The logic is straightforward. Consolidation reduces wasted votes, sharpens messaging and presents voters with something that has often been missing: a plausible governing alternative rather than a loose collection of grievances. Early indications suggest the combined list could rival Likud in size, and if Gadi Eisenkot ultimately joins, it would add not just seats but credibility — particularly on security, where Israel’s elections are still decided.
Just as important is what this move tries to prevent. In past cycles, the anti-Netanyahu camp has often spent as much energy competing internally as it has opposing him. A unified slate — if it holds — signals a different approach: fewer ego-driven splinters, more discipline and a clearer appeal to voters who may be less interested in ideology than in governability.
And yet, arithmetic still rules Israeli politics. Even a strengthened Bennett-Lapid slate does not automatically translate into 61 seats. The anti-Netanyahu bloc remains ideologically diverse and, at times, internally contradictory. Figures like Avigdor Liberman and Yair Golan may align tactically, but questions about coalition boundaries — especially involving religious parties or Arab factions — linger. Bennett himself has already signaled limits on those partnerships, narrowing his path even as he broadens his appeal.
Which is why it still makes little sense to bet against Netanyahu. His advantage has never been just personal durability; it is structural. His bloc is cohesive, disciplined and — despite periodic tensions — generally aligned on the core question of power. In a system where fragmentation often determines outcomes, that cohesion is no small thing.
Still, something may be shifting beneath the surface.
The debate over Haredi military service has moved from a chronic irritant to a more central feature of the political conversation. The High Court’s intervention, ongoing wartime demands and the visible strain on reservists have combined to elevate the issue in ways that feel different from prior election cycles.

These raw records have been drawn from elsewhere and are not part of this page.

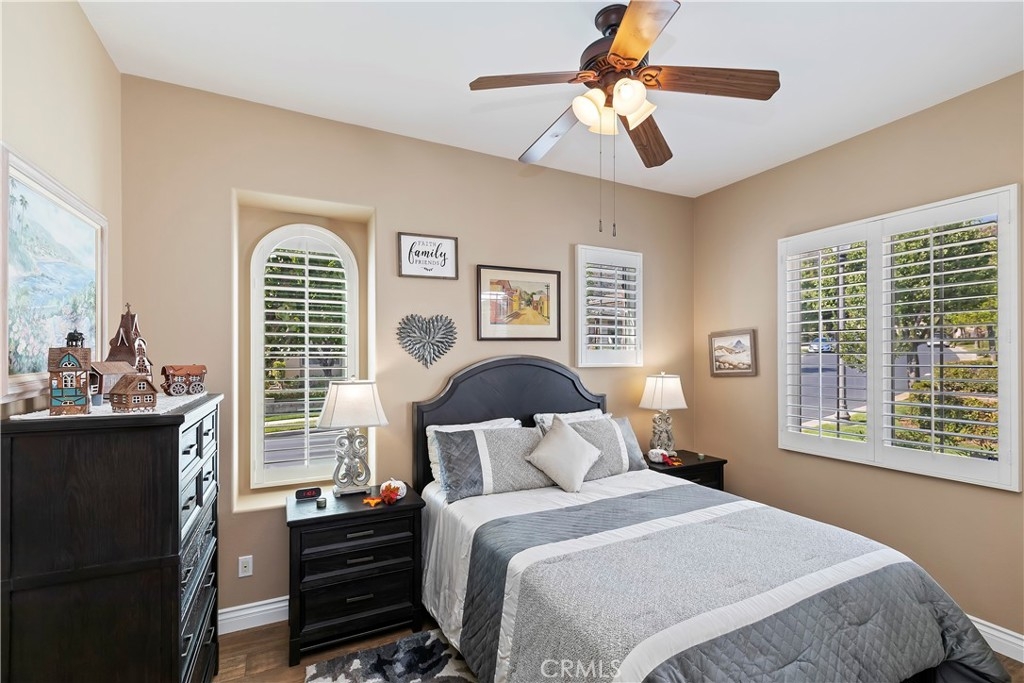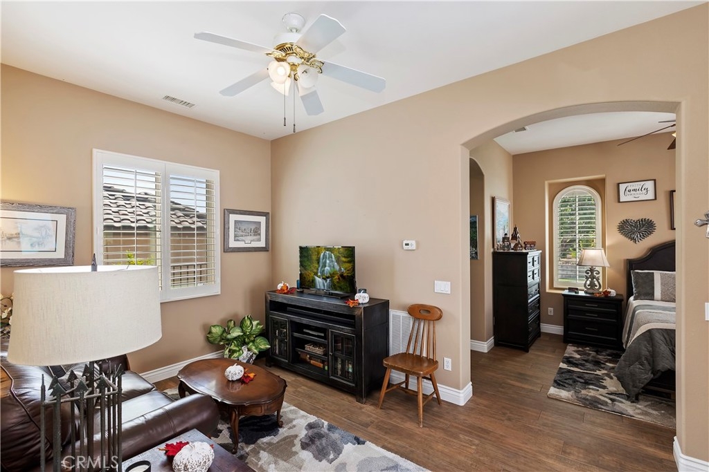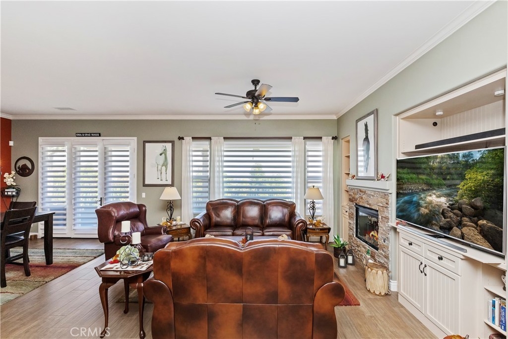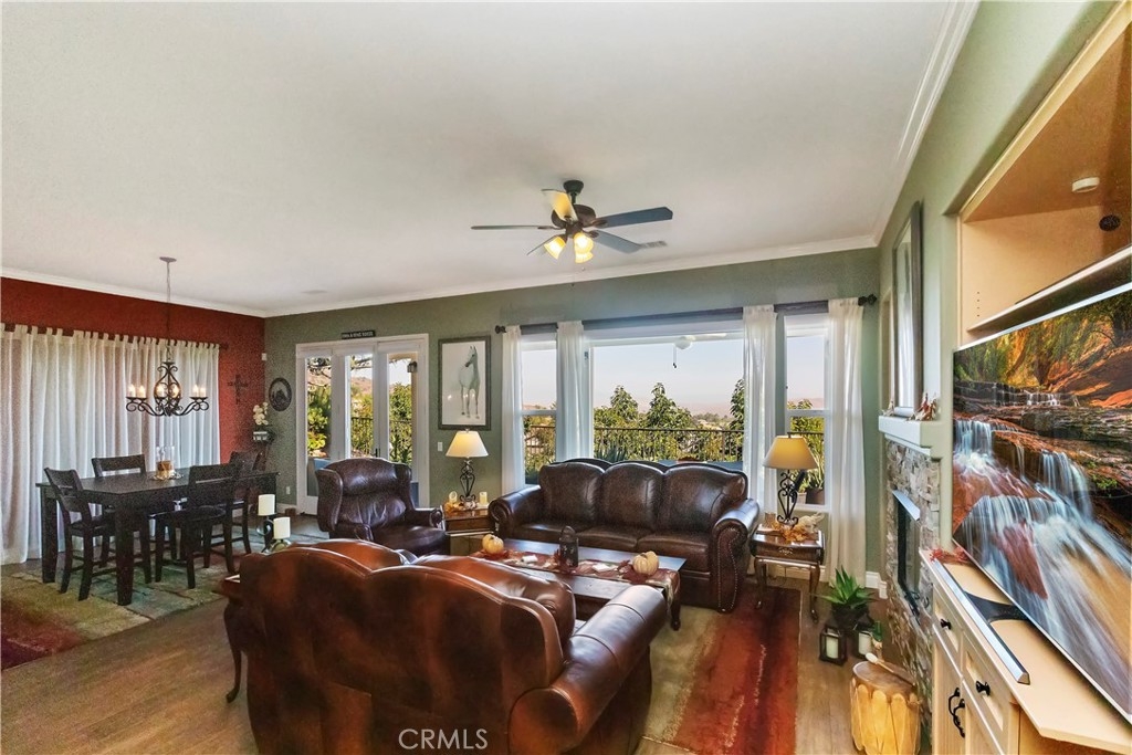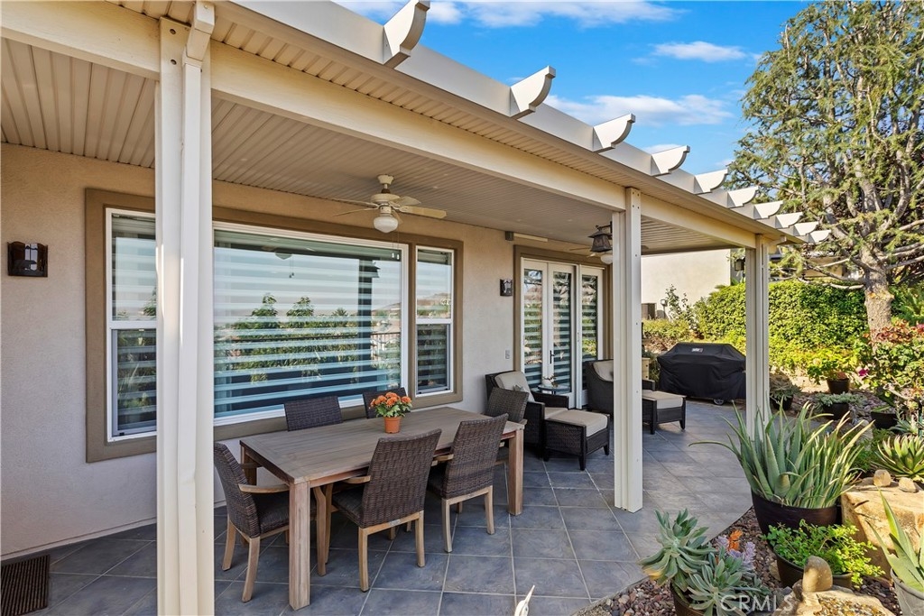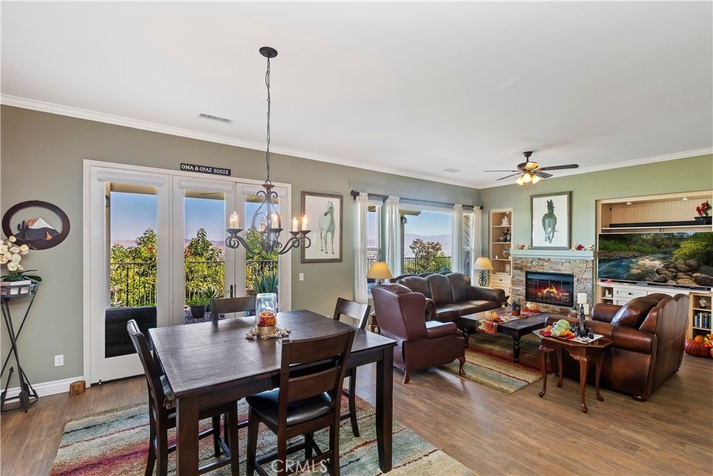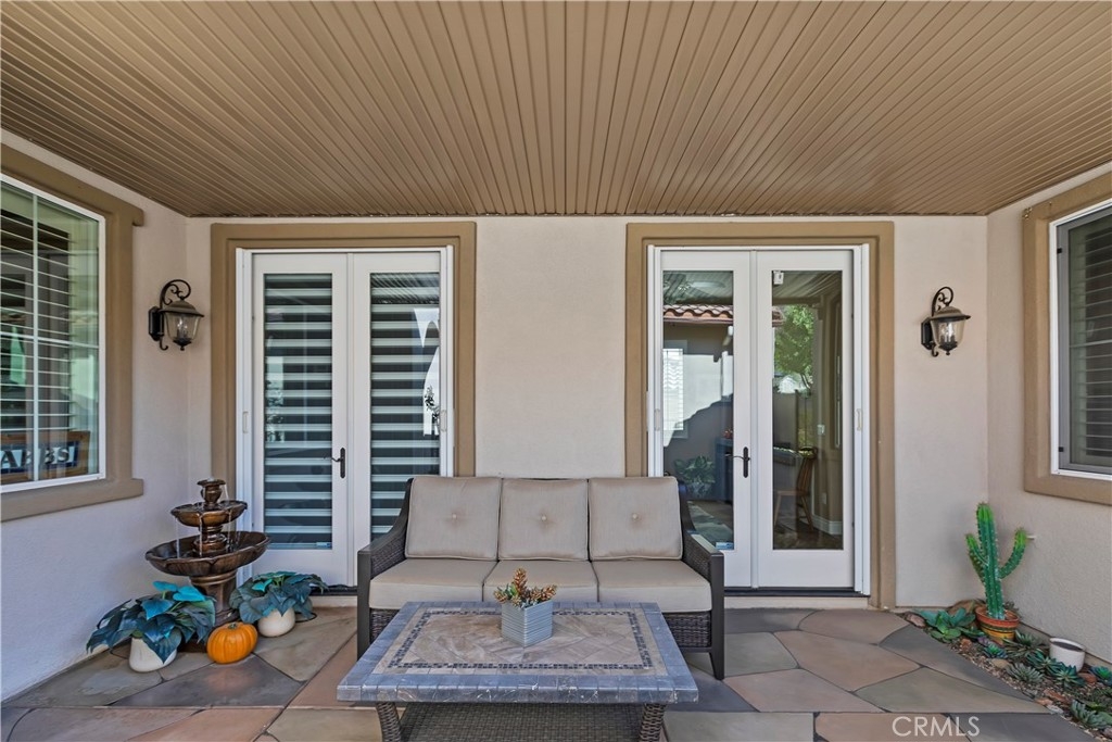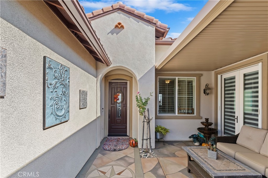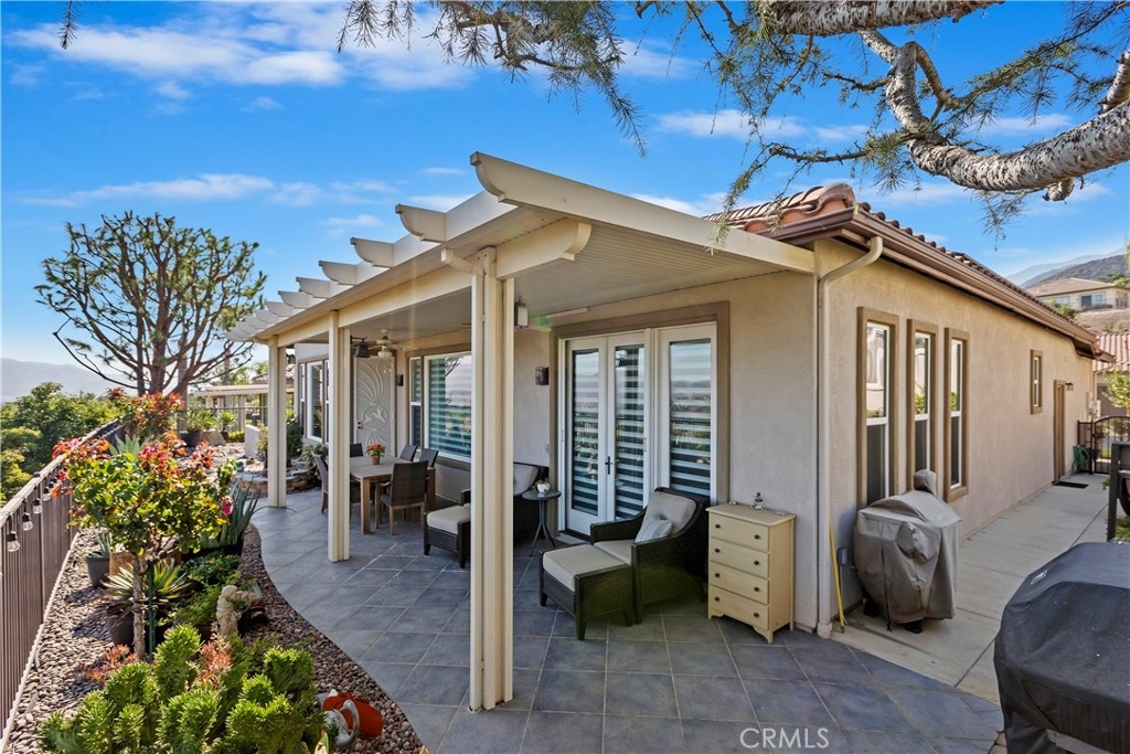 Welcome to the "Best of the Best" located in the beautiful and tranquil 55+ community of Trilogy at Glen Ivy. Surrounded by a Ted Robinson golf course and nestled at the base of the Cleveland National Forest, you couldn't ask for a better location. This gorgeous home has had $150,000 in upgraded amenities added to it. Let's start with the amazing view of city lights all of the way to the mountains. Some of the upgraded amenities include beautifully stained concrete in the entry courtyard that includes an alumawood cover. Once you enter the home you will be greeted by new Cerdomus Italian Porcelain tile that looks just like wood. Then you'll enter the kitchen that opens to the Great room providing the perfect place to entertain family and guest while enjoying the remarkable view through the large window. The expansive kitchen island is topped with an amazing piece granite, which also includes a double oven and convection microwave and gorgeous cabinetry. The Great room offers remote controlled Hunter Douglas Pirouette shades, the fireplace has had stone added to it and surrounded by the custom built in entertainment center with wet bar. There are two sets of French Doors, one leading the the courtyard and one to the backyard. Both of them with remote controlled shades. The master suite also includes a custom built-in cabinets. The En Suite bathroom includes a large jacuzzi tub, separate shower with frameless enclosure. A very unique feature is the homes has a 2 room suite that is perfect for the in-laws, guest or a care giver. Ceiling fans are throughout the home. The backyard is set up with a large alumawood patio cover with ceiling fans affording the perfect place to sit and relax as you enjoy the amazing views. Other great features are the FULLY PAID OFF SOLAR virtually eliminating an Edison Bill. Also included is a Life Source Water System which provides amazing salt free water throughout the home and there is nothing you have to add to the system. The Trilogy community affords homeowners all of the amazing clubs and actives as well as an indoor pool/outdoor pool, indoor walking track, weight and exercise room, Tennis, pickleball, card and board rooms. This has the Home & Community of your dreams.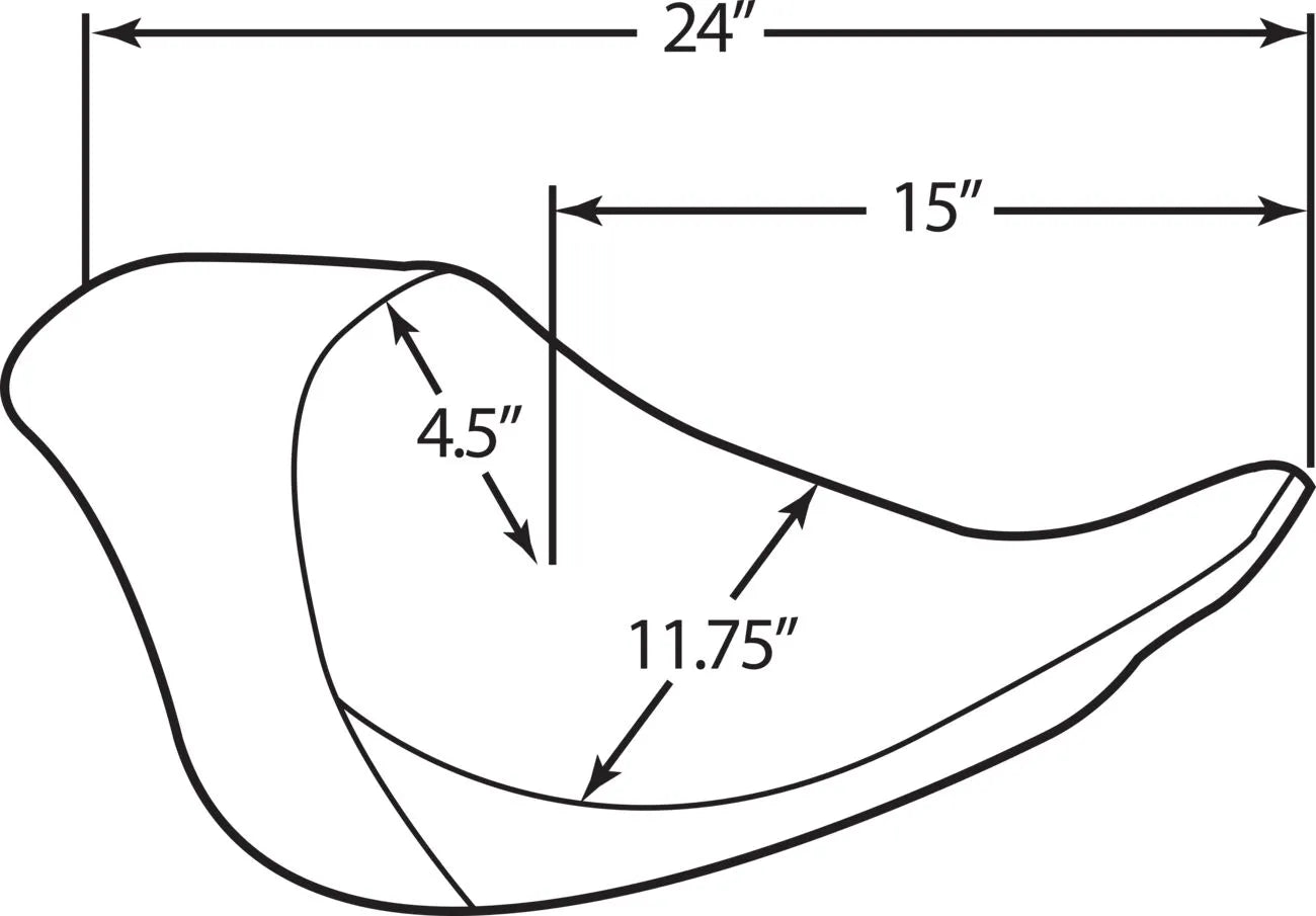 Der Drag Specialties EZ-ON Mount Solo-Sitz bietet ein benutzerfreundliches Montagesystem für werkzeugloses Anbringen und Abnehmen. Der Sitz verdeckt geschickt die Kotflügelbolzen und sorgt so für eine cleane, flache Optik. Die geformte Polyurethanschaum-Innenausstattung garantiert maximalen Komfort, auch auf langen Fahrten. Die 4,76 mm (3/16 Zoll) starke, thermogeformte ABS-Sitzbasis gewährleistet eine präzise Passform und senkt den Fahrer – je nach Modell – um bis zu 2,54 cm (1 Zoll) im Vergleich zum Seriensitz. Gefertigt aus hochwertigen Materialien und mit viel Liebe zum Detail, vereint dieser Solo-Sitz Stil und ein verbessertes Fahrgefühl. Werten Sie das Erscheinungsbild und das Fahrgefühl Ihres Motorrads mit dem Drag Specialties EZ-ON Mount Solo-Sitz auf.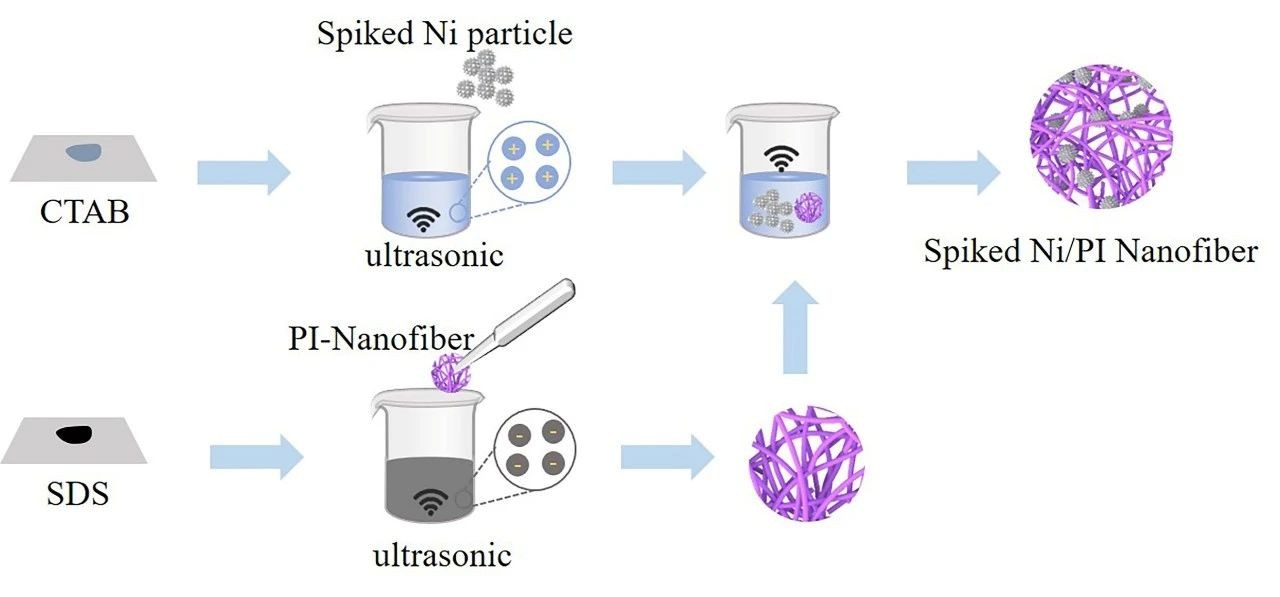将尖刺Ni颗粒和PI纳米纤维膜分别放入CTAB溶液和SDS溶液中,随后将PI纳米纤维膜放入CTAB溶液,通过阴离子和阳离子的吸附,观察到尖刺Ni颗粒吸附在纳米纤维膜之间,得到尖刺Ni/PI复合纳米纤维膜。

But caution is warranted. It is not yet clear that the draft issue will decide the election or even dominate it. Israeli voters rarely align around a single issue, particularly in the shadow of ongoing security threats. And Netanyahu’s coalition has weathered similar pressures before.
What can be said — more modestly — is that the issue now intersects with questions voters cannot easily ignore: fairness, shared burden and the sustainability of a system in which a significant portion of the population neither serves nor fully participates in the workforce. Whether that concern translates into votes remains uncertain.
In the short term, the Bennett-Lapid alignment is likely to clarify the race. Fewer parties competing for the same voters could produce a sharper, more binary contest, forcing smaller factions to declare allegiances earlier.
In the longer term, however this election resolves, the underlying tensions are unlikely to disappear. Questions about military service, economic participation and national cohesion will persist — and may intensify — regardless of who forms the next government.
Game on. But the outcome, as always in Israeli politics, remains stubbornly difficult to predict.